Tinga Tinga at St. Monica's Gallery
The next stop was an art studio and gallery in Stonetown, housed in an old stone building run as St. Monica's Hostel on the grounds of an Anglican cathedral.
We were soon to find that this building housed a bleak dungeon that was once used during the time of the slave trade on Zanzibar, but more on that later.
Most of the artwork here were paintings in the Tinga Tinga style, a stylized and very whimsical form of painting, a sort of African impressionism first popularized by an artist named Edward Said Tinga tinga (1937-1972).

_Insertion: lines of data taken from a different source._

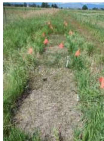
From front to back 1" bi-weekly, 2" bi-weekly, 4" bi-weekly, 1" monthly, 2" monthly, 4" monthly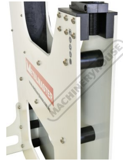
14mm Thick Steel Frame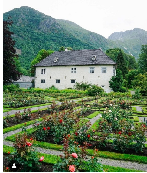
Baroniet Rosendal Rose Garden

Education and Research: Gothenburg Botanical Garden plays a pivotal role in horticultural education and research. It serves as a hub for botanical studies and research projects. Visitors have the opportunity to learn about plant conservation efforts and gain a deeper understanding of the natural world through educational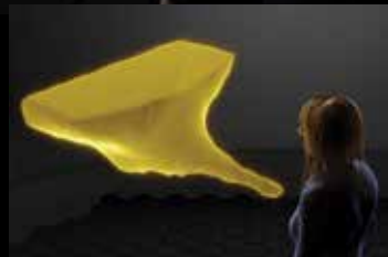
Ordinary Progressive Lenses

The subject of the paintings were usually African animals, painted with enamel bicycle paint on muslin fabric or masonite boards. The animals were bright and colourful and fantastical, almost resembling cartoons.
It's a very cheerful art form and I was happy to find one I liked for ten dollars. Rolled up into a tight cylinder and wrapped in newspaper, the painting wouln't take up very much room in my backpack.

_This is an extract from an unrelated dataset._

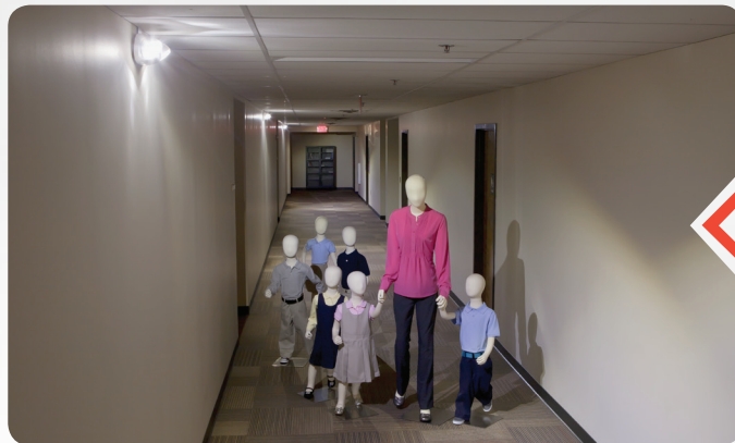
Quantum® ELMLT unit at one and 90 minutes

I took some photos of others that I liked and Jeff's mom bought several pieces as Christmas gifts.
The alleyways and beaches here in Zanzibar are filled with tinga tinga paintings, leaning against walls and propped up in rows on the sand. I bought two others later on, including one similar to the paint-speckled zebras I took a photo of here.
I noticed after a while that although the paintings varied a little from place to place, there were great similarities of theme too. The pictures of the stylized Maasai people in red seemd particularly ubiquitous.
1 Comments:
I think I rather like that Maasai painting.